The Proud Boys’ encroachments into the Miami-Dade Republican Party are, by far, the group’s largest political success. The Fontainebleau incident was the latest to cause unrest within the party as a small but growing number of Proud Boys have deepened existing divisions and injected an unusual degree of aggression into routine dealings.

Such a rightward shift mirrors the evolution of state and national Republicans but is remarkable for Miami-Dade, Florida’s most populous county, which Democratic presidential candidates have won since 1992. Republicans vastly improved their showing in 2020, a swing that has soured Democrats’ prospects.

Chris Barcenas, a Republican committeeman and Proud Boy, said he started thinking about running for a committeeman seat about a year ago.

“Instead of sitting on the sidelines complaining about RINOs or whatever,” he said, referring to “Republicans in name only,” “I realized that in order to make changes, I had to be involved and be part of the process.”

Mr.
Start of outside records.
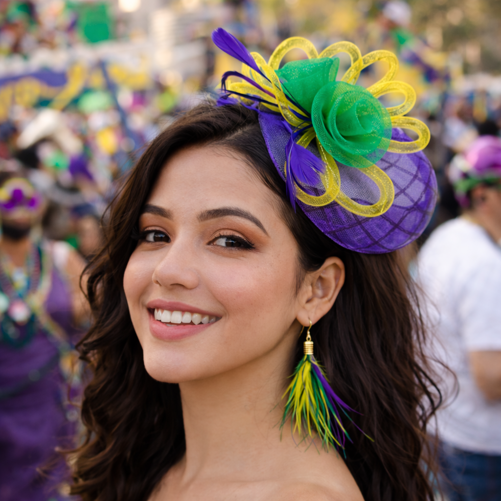 Lightweight and comfortable, this fascinator headband is easy to wear for hours without slipping or discomfort. The secure headband base keeps it in place while dancing, walking parade routes, or celebrating with friends. Whether paired with a Mardi Gras dress, sequin outfit, or casual festival look, this headband instantly elevates your style and adds a playful, eye-catching finish.
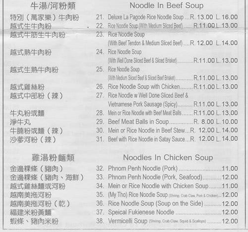 Best pho in the city! Have tried a few other places and always end up disappointed, but never here. My girlfriend and I always get a 25 regular and a 25 large, and share a side of spring rolls - the bill is always under $50 (including tax and a ... 20% tip). VERY generous portions, never skimpy on the beef or toppings. Where else could you get a dinner out with such good service for such an affordable price? The restaurant is extremely clean (including the bathrooms), the service is very good and it is clear the owners take pride in their business. Will continue to rave about la pagode as our favourite restaurant and our first choice for any dinner out Read more
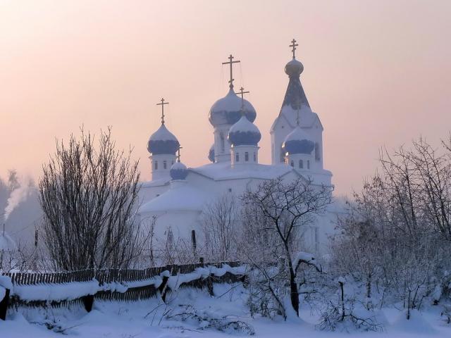 Wallpaper The old temple is covered with white snow
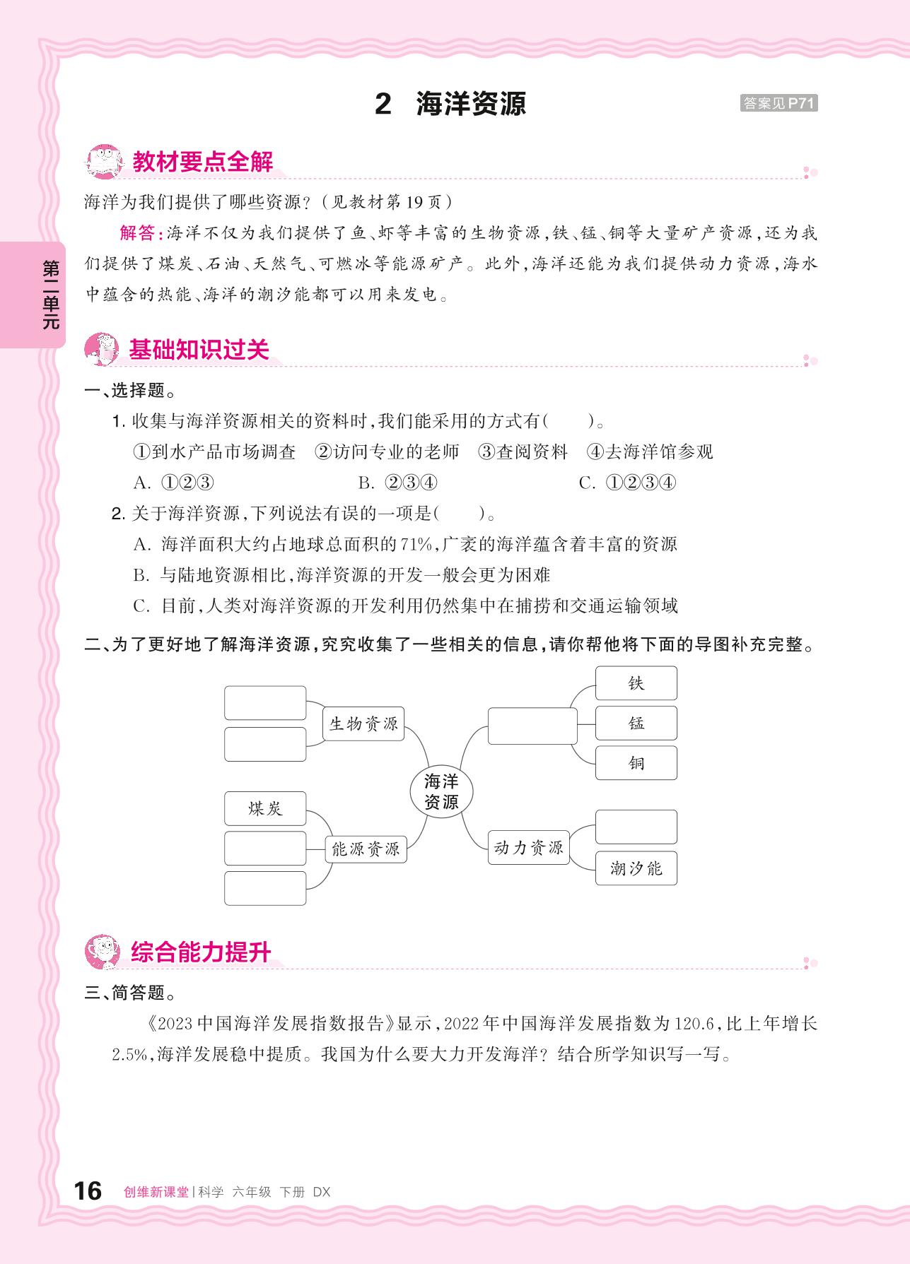 2024春下册六年级科学大象版 第二单元 自然资源——2. 海洋资源

Barcenas, 34, voluntarily testified a few months ago to the House select committee investigating the events of Jan. 6 about his understanding of the Proud Boys’ role in the Capitol attack. He protested at the Capitol that day but did not go into the building and has not been charged with any crimes.

Gabriel Garcia, 37, who has pleaded not guilty to the charges from the Capitol attack, said the party was once the province of country-club Republicans.

“I know a lot of people on the committee way before me were supporting people like Jeb,” said Mr. Garcia, who lost a State House bid in 2020. “But when Trump won, pretty much everyone started falling in line
.”
 
Again, these are January 6th domestic insurrectionist terrorists now taking over local GOP offices and purging the "RINOs" from the party. They are telling Cuban Americans that Democrats have abandoned them, all the way up to "Well if you don't want to end up like the Blacks, you'd better vote Republican."

It's working. Miami/Dade is going to be lost for a generation to the GOP if Democrats don't get their shit together and go after the actual January 6th terrorists running the GOP in the county.